Eventually I became more confident in my choices and my body. I learned to move on more quickly when I had an off-plan type of day or stayed out way too late partying. I lost weight slowly and didn’t need to try my clothes on daily anymore to make sure they fit. I started to enjoy shopping again.
Eventually, I joined match.com because my newfound confidence (I can do hard things) carried over into other aspects of my life. I knew it was time to stop dating losers.
Sure, I lost weight. But I’d done that a million times before. It was different when I finally decided to play the long game instead of looking for a quick fix. It was better when I focused on my own goals and self-worth instead of comparing myself to others or wondering why “they” got so much luckier than I did. {More on confidence here.}
Look, it hasn’t been smooth sailing since age 25. I’ve had some ups and downs (literal and figurative) between two pregnancies and stomach issues. I cried when I couldn’t lose weight after my first pregnancy because I felt like I should know what to do and it seemed like my body wasn’t cooperating. I’ve screwed up my electrolyte balance by drinking too much water. And, yes, I still have days when I feel bloated or eat too much food. THIS IS NORMAL.
I’ve played with eliminating different foods, food timing, protein intake, and more. I’ve been tempted by fad diets (aren’t we all?!), but I’ve stayed committed to the marathon, not the sprint. Only in terms of nutrition – I ditched that running thing for the most part. #walkingforthewin
Sure, I know a hell of a lot more about the science behind nutrition and exercise than I did back when I was in college and corporate America. Oh how I wish baby Amanda knew that not eating any protein really f’d her up. No wonder I had sweets cravings like crazy! And you better believe I wish I’d known how to train the way I do now. I’d love to travel back in time and show myself that lifting wouldn’t make me bulky. And that traditional long, slow cardio is over-rated for fat loss. (Did you know excessive cardio can make you way more hungry?!)

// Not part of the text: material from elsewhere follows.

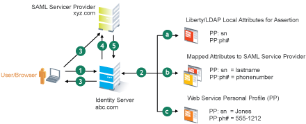 Because the identity provider must interoperate with other SAML service providers that probably do not use consistent attribute names, you can map the service provider attributes to your Liberty and LDAP attributes on the Identity Server. In this example, the service provider names for the Liberty PP:sn and PP:ph# attributes are lastname and phonenumber, respectively. (See Section 9.8, Selecting Attributes for a Trusted Provider.)

But, getting to a point where I can easily maintain my weight didn’t happen when I gained more knowledge about the science of nutrition and exercise. It happened when I let go of trying to be perfect. It always felt too damn hard to be perfect. What I didn’t realize is that trying to be “perfect” was in and of itself the problem.
“Healthy striving is self-focused: “How can I improve?” Perfectionism is other-focused: “What will they think?”
– Brene Brown
In what I refer to as my quarter life crisis I chose to take responsibility for my emotions and actions in order to live a better life. I learned to turn down the noise from the fad diets, put my blinders on and figure out what worked for me. Not what worked for those super hot girls in college. Or my “lucky” fit coworkers and friends. Just what worked for me. When it came to pursuing weight loss and a healthier relationship with food for good, I committed to taking action and using the knowledge I had (even if it wasn’t all right). This worked way better than looking for a better, more perfect, faster solution.
While it might look easy (and it does come much easier now) for me to stay fit, it’s taken a lot of work – not luck – to get to this place I’m in now. I know more and can do less. But it’s because I’ve put in the work to get here. It’s true what they say – if you want to become an overnight success you damn well better be willing to put in about 10 years of work. Oh, and discipline really does equal freedom. Do the right thing most of the time (even when you don’t wanna) and you can do whatever the hell you want sometimes #hellovacation with little consequences. 😉
“The thing that is really hard, and really amazing, is giving up on being perfect and beginning the work of becoming yourself.”